Greece, meanwhile, has opened the Acropolis and other archaeological sites to the public, with stickers and glass barriers separating tourists. Spain and Portugal have both begun easing lockdown restrictions as well.
An employee wearing a face shield and mask, holds a thermometer inside a clothing store in Barcelona, on May 18, 2020, amid a national lockdown to fight the spread of the COVID-19 coronavirus. – Spain began last week a three-phase plan to end lockdowns for half the country by the end of June. The lockdown measures initially imposed were among the strictest in Europe. (Photo by LLUIS GENE / AFP) (Photo by LLUIS GENE/AFP via Getty Images)
A worker wearing a protective mask cleans a divider made of plexiglass at the entrance of the Acropolis in Athens on May 18, 2020 amid the pandemic of the novel coronavirus (COVID-19). – Greece reopened the Acropolis in Athens and all open-air archaeological sites in the country to the public on May 11 after a two-month closure due to the coronavirus pandemic. (Photo by Aris MESSINIS / AFP) (Photo by ARIS MESSINIS/AFP via Getty Images)
Michael O’Hanlon, wearing a protective visor, smiles as he prepares to play from the first tee at Howth Golf Club in Dublin on May 18, 2020, as golf courses reopen and Ireland cautiously begins to lift it’s coronavirus lockdown. – Ireland launched the first tentative step in its plan to lift coronavirus lockdown on Monday, with staff returning to outdoor workplaces as some shops resumed trade and sports facilities unlocked their doors. (Photo by PAUL FAITH / AFP) (Photo by PAUL FAITH/AFP via Getty Images)
A teacher wearing a face mask gives a class on the first day of high school after the relief of emergency measures due to the COVID-19 outbreak at Filipa Lencastre high school in Lisbon on May 18, 2020. – The Portuguese government approved new measures starting today like the reopening of nurseries, high school classes and the reopening of some street shops, cafes, restaurants, museums, monuments and palaces. (Photo by PATRICIA DE MELO MOREIRA / AFP) (Photo by PATRICIA DE MELO MOREIRA/AFP via Getty Images)

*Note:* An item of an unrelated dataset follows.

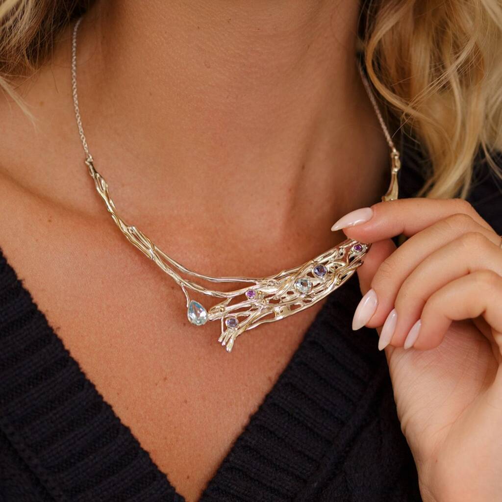 Sterling Silver Gemstone Statement Necklace with Blue Topaz, Amethyst and IoliteA truly unique statement necklace. Each gemstone is carefully curated, featuring blue Topaz, Iolite and purple Amethyst, expertly set on this handcrafted Sterling Silver necklace.
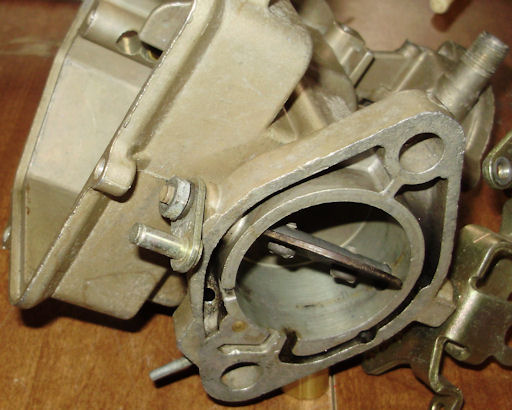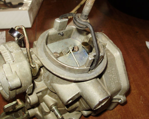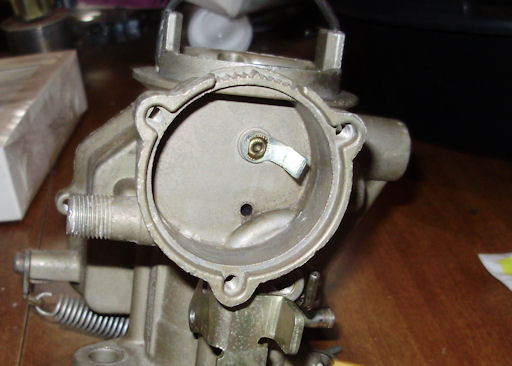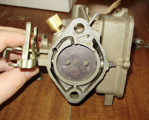 Install the choke plate following the same procedure used for the throttle plate. Put the end of the choke piston link on the hole in the tab and bend the second tab over to keep it in place. It should look like the picture below when complete.

Countries across Europe are desperate to open up their economies, with the European Union is facing a historic recession as a result of the lockdown measures introduced to stem the spread of the Chinese coronavirus.
Earlier this month the European Commission predicted that the bloc as a whole will face a 7.4 per cent loss in GDP in 2020 as a result of the pandemic.
“Both the depth of the recession and the strength of the recovery will be uneven, conditioned by the speed at which lockdowns can be lifted, the importance of services like tourism in each economy and by each country’s financial resources,” said the EU’s Commissioner for Economy, Paolo Gentiloni.
Countries like Italy, Greece, and Spain are expected to see 9 per cent declines in their economies, the Commission warned.